Multiple Myeloma Clinical Trial
Official title:
A Phase II Study of Reduced Intensity Double Umbilical Cord Blood Transplantation Using Fludarabine, Melphalan, and Low Dose Total Body Radiation
This trial will use two cord blood units for transplantation using a reduced intensity
regimen rather than using intense doses of chemotherapy and radiation therapy. Two cord blood
units (double cord blood) are being used, as the numbers of blood cells in one unit are too
few to allow successful growth of these cells.

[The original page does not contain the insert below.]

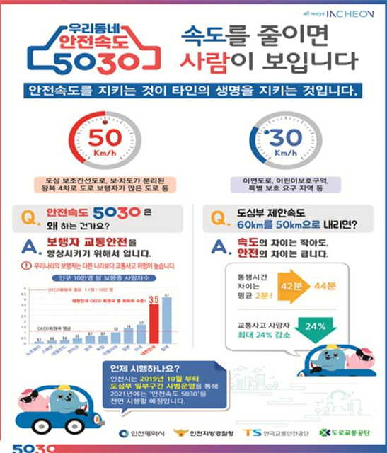 인천시는 2020년 12월‘안전속도 5030’을 전면 시행할 예정이며,전국적으로도 2021년 4월 이 정책이 확대 실시될 예정이다.

Because the risk of infection, particularly virus infection, is high after double cord blood
transplant, this study seeks to reduce the rise of virus infection by using a reduced
intensity regimen without a medicine called antithymocyte globulin (ATG), as used in prior
cord blood transplants. Subjects will receive two chemotherapy drugs, melphalan and
fludarabine, and low dose of total body radiation (one treatment) instead of the ATG. The
number of patients with virus infections in this study will be compared to our prior
experience using the ATG.
Subjects will receive their transplants as in-patients.
- IV-Catheter
- one or two IV catheters will be placed on the day of hospital admission
- Conditioning
- Fludarabine IV six days before transplant (days -7, -6, -5. -4, -3, -2)
- Melphalan IV (day -1)
- Total body radiation on day 0 (same day as transplant)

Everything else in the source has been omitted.